If escape did not occur within 60 sec, the animal was manually guided
to the platform. On finding the platform, the animal remained on the
platform for 30 sec and then was placed in a holding cage for another
30 sec before the next trial. After the last trial, the animals were
returned to their home cages. The next day, a retention test (a 60 sec
probe trial) was given in which the platform was removed from the pool. Animals' movements and the time taken to reach the position at which
the platform had been located in training were monitored automatically
using a computerized Poly-Track Video Tracking System (San Diego
Instruments, San Diego, CA).
Two days after the spatial memory test, all animals were tested for
fear conditioning to validate the functional effectiveness of the
amygdalar lesions. After 3 min of baseline in a modular operant test
cage (Coulbourn Instruments, Allentown, PA), animals were presented
with three unsignaled footshocks (1 mA, 1 sec, 1 min intershock
interval) through the floor grid, which was wired to a Coulbourn
precision-regulated animal shocker. Fear conditioning was monitored
during the three 1 min intershock intervals by measuring freezing
behavior using a 24-cell infrared activity monitor that detects
movement of an emitted infrared (1300 nm) body heat image from the
animal in the horizontal and vertical planes (cf. Lee and Kim, 1998).

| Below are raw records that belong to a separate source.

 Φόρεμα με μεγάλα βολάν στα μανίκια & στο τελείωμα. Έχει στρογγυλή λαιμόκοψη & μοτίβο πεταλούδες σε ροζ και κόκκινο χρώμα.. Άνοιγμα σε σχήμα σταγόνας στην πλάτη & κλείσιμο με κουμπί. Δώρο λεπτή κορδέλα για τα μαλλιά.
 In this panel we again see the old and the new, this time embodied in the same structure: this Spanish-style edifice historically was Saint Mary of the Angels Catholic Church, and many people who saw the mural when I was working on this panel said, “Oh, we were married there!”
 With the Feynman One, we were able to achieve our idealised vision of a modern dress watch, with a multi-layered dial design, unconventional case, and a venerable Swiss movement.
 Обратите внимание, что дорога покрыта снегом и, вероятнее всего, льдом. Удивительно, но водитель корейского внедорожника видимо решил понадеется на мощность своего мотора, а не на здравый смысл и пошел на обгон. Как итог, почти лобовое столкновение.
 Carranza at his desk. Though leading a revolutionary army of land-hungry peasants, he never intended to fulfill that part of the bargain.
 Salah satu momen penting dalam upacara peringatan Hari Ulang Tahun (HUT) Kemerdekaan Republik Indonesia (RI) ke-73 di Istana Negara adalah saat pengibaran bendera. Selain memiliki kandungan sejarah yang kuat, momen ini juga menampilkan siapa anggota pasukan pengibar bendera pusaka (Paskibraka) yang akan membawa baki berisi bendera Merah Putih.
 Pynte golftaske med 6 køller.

Immediate postshock freezing has been shown to accurately assay fear
conditioning (Kim et al., 1992, 1993).
At the completion of behavioral testing, the subjects were overdosed
with ketamine HCl and xylazine and perfused intracardially with 0.9%
saline, followed by 10% buffered formalin. The brains were removed and
stored in 10% formalin for at least 2 weeks before slicing. Transverse
sections (60 µm) were taken through the extent of the lesion, mounted
on gelatinized slides, and stained with cresyl violet and Prussian blue dyes.
Fixed location-visible platform water maze task. The
training and testing procedures were adapted from McDonald and White (1994), who demonstrated that this task is acquired by independent hippocampal-based and dorsal striatal-based memory systems.
Naïve animals (no surgery) were exposed to stress or not and
then placed back in their home cages for 30-60 min before undergoing
eight massed trials (1 min ITI) to find a fixed submerged platform
coupled with a visually salient pole (a black and white striped plastic strip; 15.2 × 1.2 cm). As with the hidden platform task, the
starting point was randomly distributed across the four quadrants. On
finding the platform, the animal remained on the platform for 30 sec to explore its surroundings and then was placed in a holding cage for
another 30 sec before the next trial. After the last trial, animals
were placed back in their home cages. The next day, a retention test
was given in which the platform (coupled with the pole) was moved to a
novel location. Animals were placed into the pool facing the wall
equidistant from the previous and new platform locations, and their
movements were tracked.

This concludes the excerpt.